Al hablar de emociones deberíamos dejar de decir que unas son buenas y las otras malas, o que unas son positivas y las otras negativas. Yo cambiaría estos términos y me dirigiría a ellas como agradables y desagradables. Ya entenderás por qué… 

Las emociones básicas son: miedo, alegría, tristeza, ira, asco y sorpresa, o MATÍAS, si las unimos en una sigla. Si sabemos identificar estas emociones, cada una nos dice cómo nos encontramos y nos dan indicios de qué podemos hacer y cómo podemos actuar. Por ejemplo, aquellos que dicen que el miedo es una emoción negativa, yo te digo que es importantísima. Gracias al miedo sabemos cuándo estamos en peligro. Si no fuera por el miedo, ¡nos ponen un león al frente y no huiremos, y nos comería el león! Este ejemplo lo podemos aplicar a cada situación de nuestras vidas donde las emociones son guías de cómo actuar. 

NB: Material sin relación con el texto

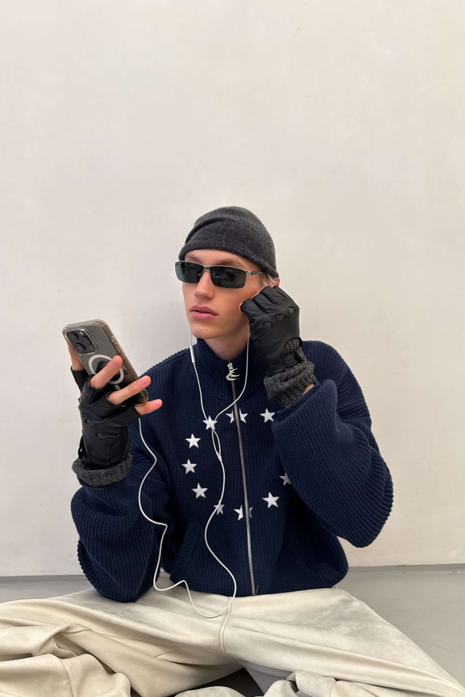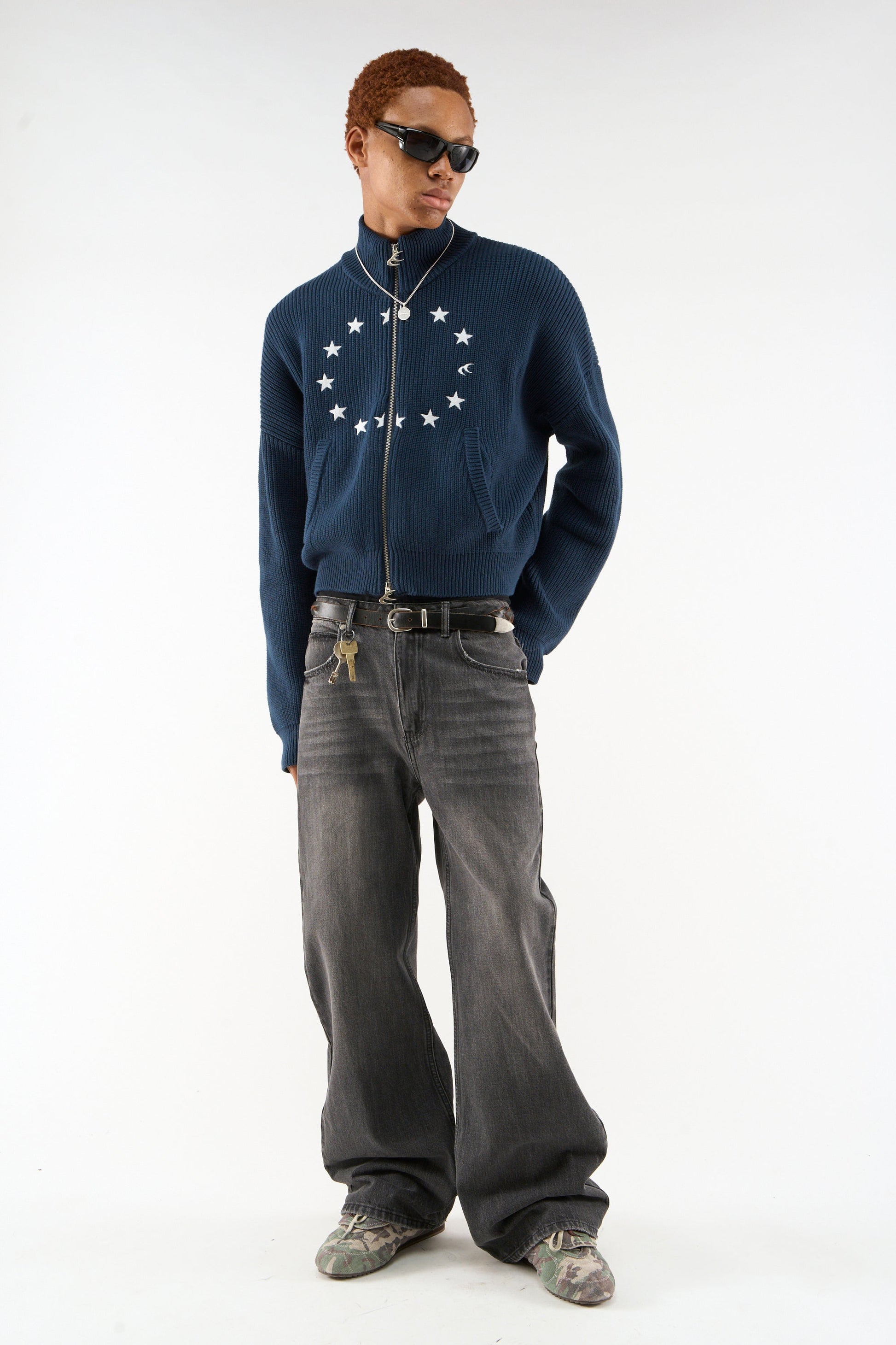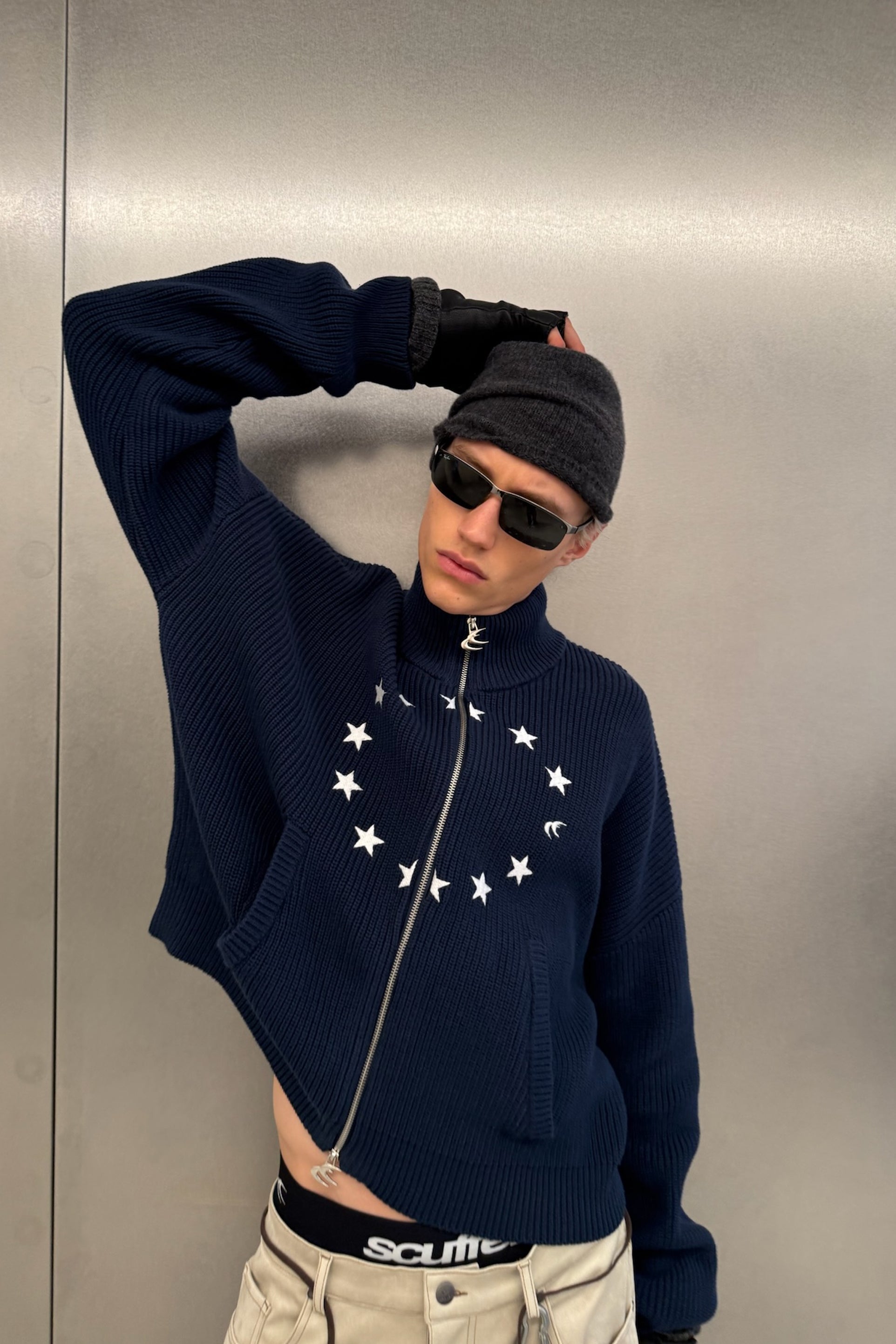 Ea Navy Blue Knit Zipper
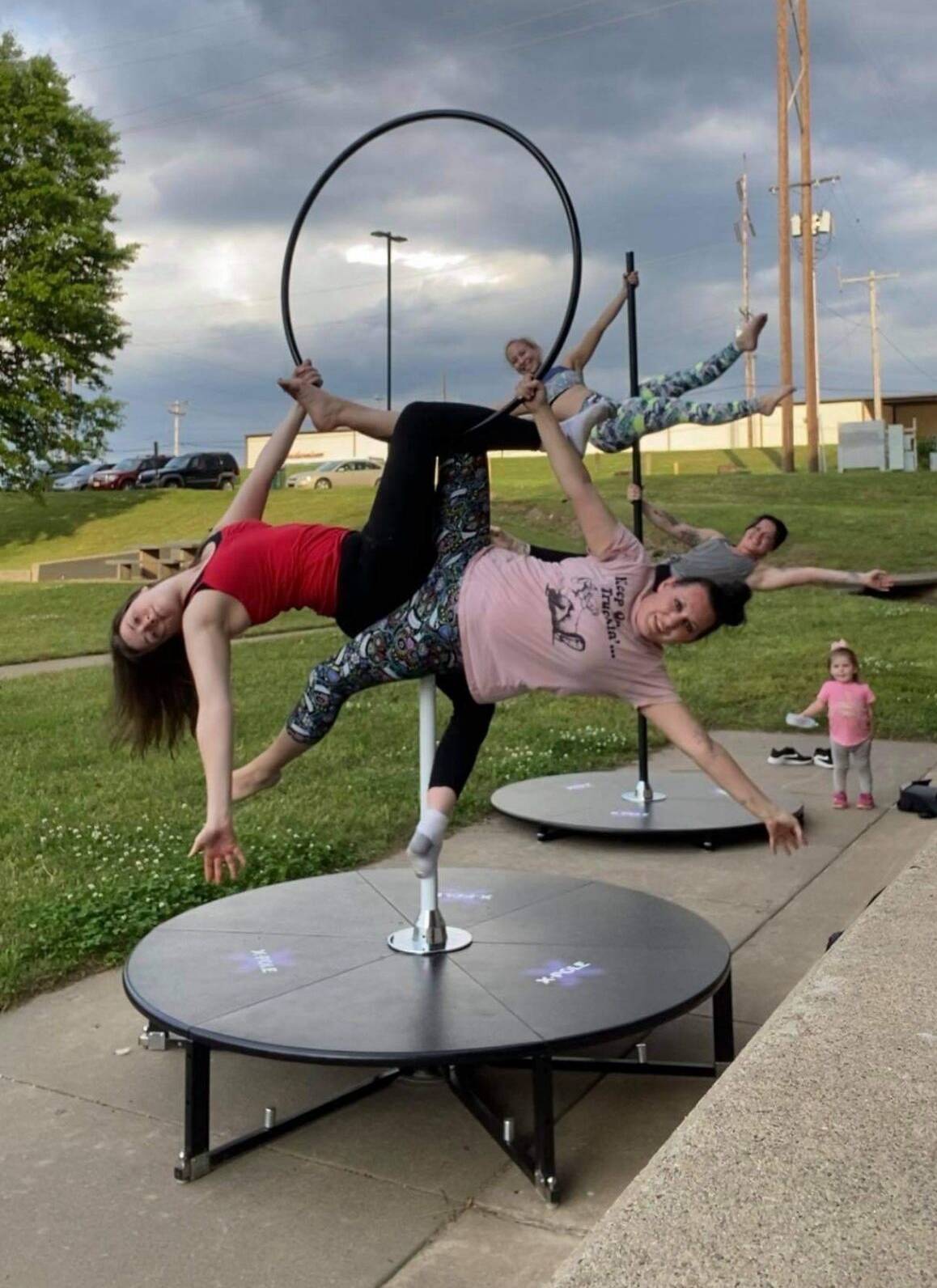 Erin is a stay-at-home mom, she lives in Ozark with her husband and three children. In her 30’s, Erin got into Aerial Fitness and started with Pole in 2014. The gravity defying tricks and strength it takes to make it look effortless was the root cause of her falling in love before she even stepped foot into a studio and touched a pole. Erin found our mother studio, bought a home pole, and attended classes when she could around pregnancies and c-sections. Erin loves that aerial fitness is open to so many different levels, backgrounds, cultures, styles, etc and the aerial community is one of the most loving and supportive communities you will ever come across. Aerial Fitness literally changes everything!! And Erin wants to share that with you! She has a few idols, besides our “Pole Mom” Kasey; Jenyne Butterfly is the one that sparked her love for pole, watching the pure strength and control in those defying gravity tricks. You can find Erin currently working on getting her flexibility and core strength back on track! Erin’s advice for anyone that wants to try Aerial Fitness, “Your aerial journey can be whatever you want it to be. You craft it better than anyone.” Outside of teaching and managing, Erin and her family like to go camping, fishing, play board games, play at the park (yes, she plays on the monkey bars… who doesn’t? ; family movie night, riding motorcycles, she crochets and loves arts and crafts with the kids. She loves the Full Moon and Crystals and does Tarot and Oracle readings in her spare time, you could say she has a witchy side. If Erin could possess one super power, she would pick super flexibility. Catch Erin teaching many Pole and Aerial classes from Polga Flow, to Lyra Lingo, to various Workshops and Parties!! Erin is CPR certified. CirqFIT Lyra Certification acquired Sept 2021. Aerial Rigging Course by Delbert Hall completed Jan 2022. SpinCity Grounded Hoop Certification acquired 2023. Erin is currently taking Canadian Pole Fitness Association’s Above the Bar (Lyra) course, Polga certification, and chair dance express teacher training.
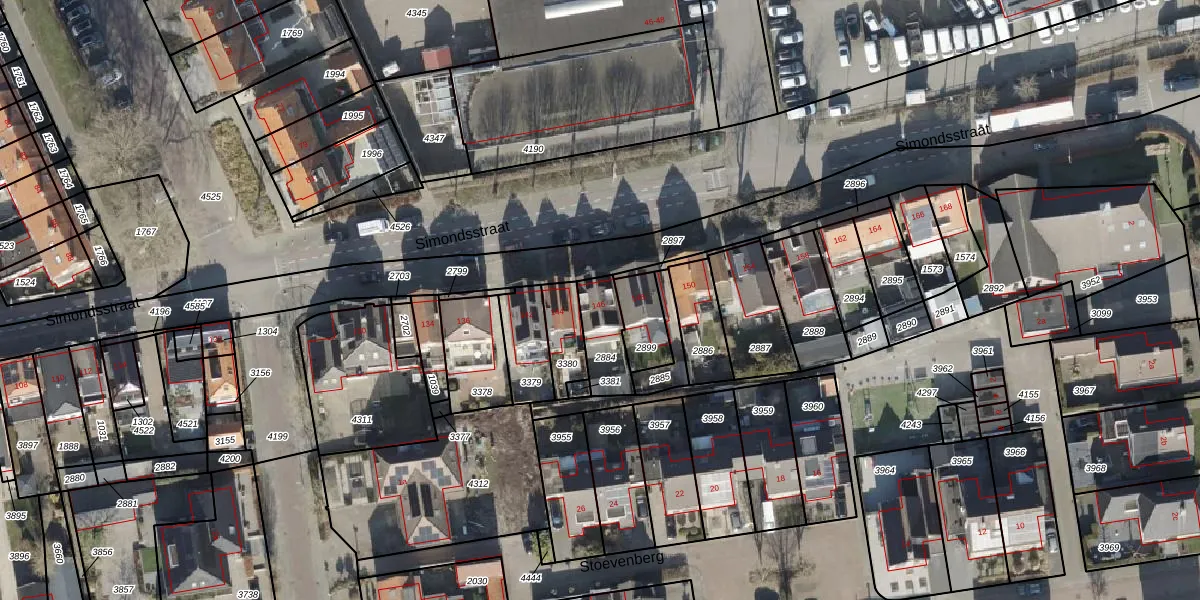 Simondsstraat 146 is gelegen op kadastraal perceel GNM00C2884. Deze kadastrale aanduiding is uniek en wordt gebruikt door het Kadaster om eigendomsrechten en andere zakelijke rechten vast te leggen. Het perceel maakt onderdeel uit van de kadastrale gemeente Genemuiden.
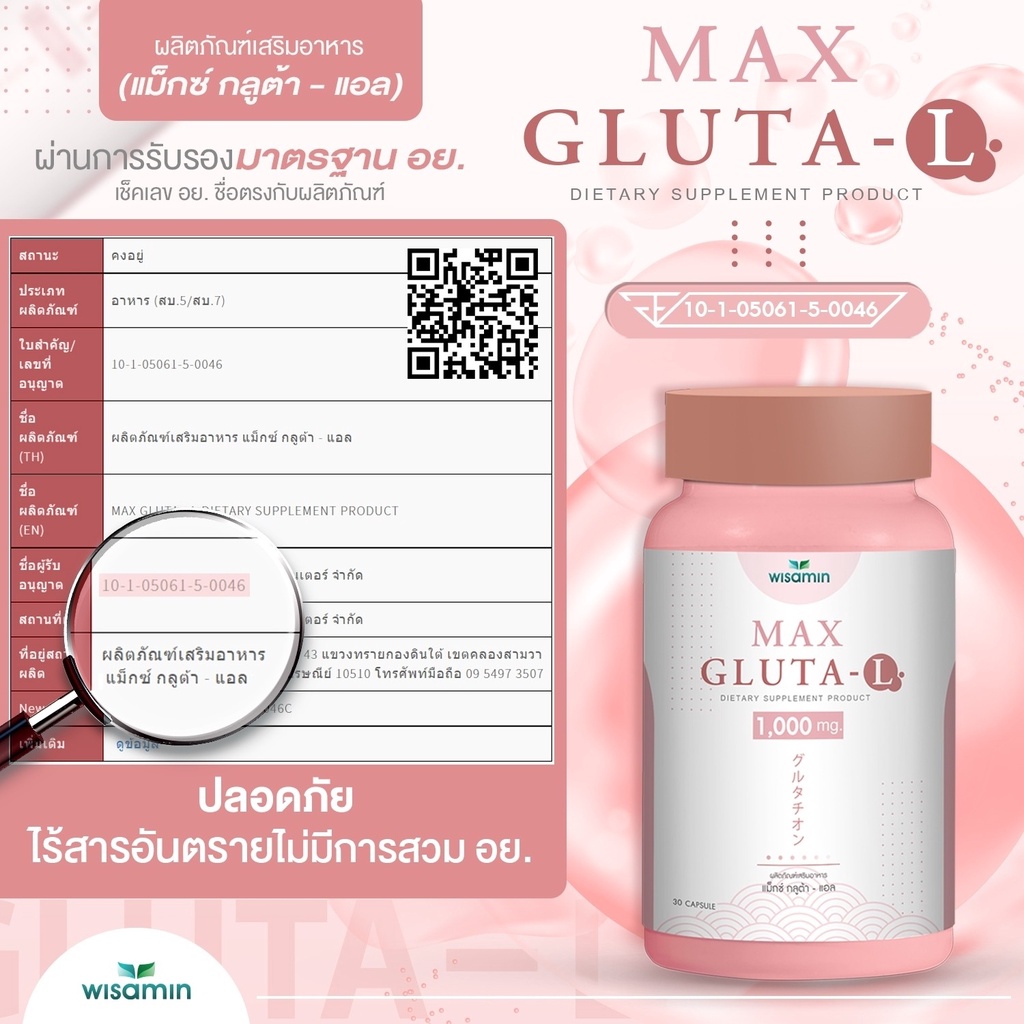 (ซื้อ 1 แถม 1) MAX GLUTA-L แม็กซ์ กลูต้า-แอล 1,000 mg/แคปซูล ผลิตภัณฑ์เสริมอาหาร (ตราวิษามิน) จำนวน 2 กระปุก 60 แคปซูล
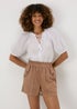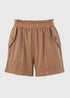 Learn moreDesigned for a relaxed, effortlessly chic aesthetic, the Brown Paperbag Shorts from our ladieswear collection boasts a combination of comfort and style. Crafted from high-quality material, these shorts promise durability and a smooth feel against your skin. With a relaxed fit and a paperbag elasticated waist for flattering comfort. The versatile brown hue, is ideal for mix-and-match outfits and the seam detailing and functional side pockets add that utility look. Pair with a crisp white shirt, tucked in, and accessorize with a delicate necklace for a classic office look.
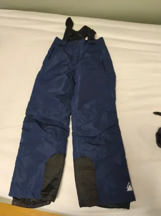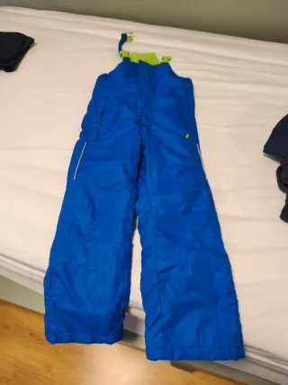 Pantalón de nieve azul con tirantes, ideal para mantener a los más pequeños abrigados y secos en la montaña. - Tirantes ajustables. - Tejido resistente al agua. - Talla 122/128 cm - Refuerzos en la parte inferior de las perneras. - Diseño moderno con logo triangular. - Regalo manoplas
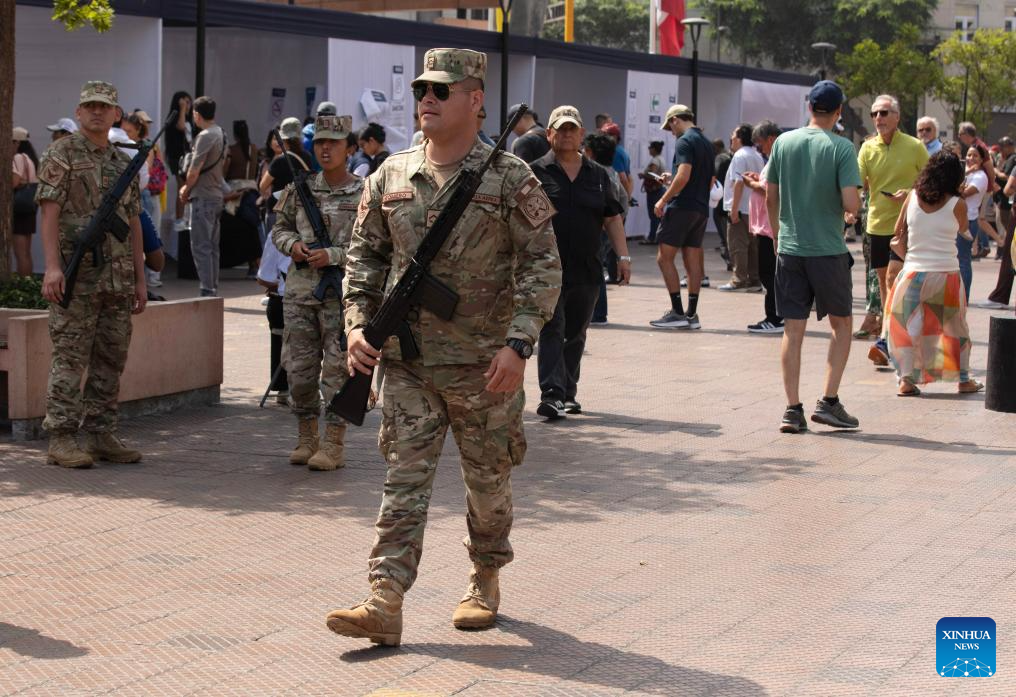 Soldiers stand guard at a polling station in Lima, Peru, April 12, 2026. Peruvian President Jose Balcazar on Sunday urged citizens to vote with "calm and serenity" as the country holds general elections to choose a new president and members of a bicameral Congress.

Nuestras emociones son tan esenciales para conocernos a nosotros mismos que es de suma importancia conocerlas bien. Saber la diferencia entre la rabia y la tristeza, dos emociones que muchas veces se entrelazan y que al saber su diferencia les podemos dar un mejor manejo. Ambas son parte de nuestras emociones básicas, pero cumplen con una misión distinta, lo que pasa es que cuando las vivimos no realmente nos detenemos a sentirlas e identificar cuál es, o en muchos casos ni por qué realmente la estamos viviendo. ¿Nunca les ha pasado que se levantan un día molestos, pero realmente no entienden por qué? Esa emoción está ahí contigo ese día para decirte algo, para advertirte, para que tengas precaución. 

¿Qué pasaría si cuando empezamos a identificar en nuestro cuerpo y nuestra mente las señales de ira, empezarnos a regularnos desde el primer momento? Sería genial, así, en especial a esas personas que les cuesta más, podrían regularse sin necesidad de explotar. La ira es una emoción que viene con una carga de energía especial, haciendo que en la mayoría de los casos tenga una consecuencia negativa en nuestra vida. Es una emoción que cuesta gestionar y nos lleva a la impulsividad. ¿Qué pasa cuando no manejamos bien la tristeza? Esta se puede confundir con ira. 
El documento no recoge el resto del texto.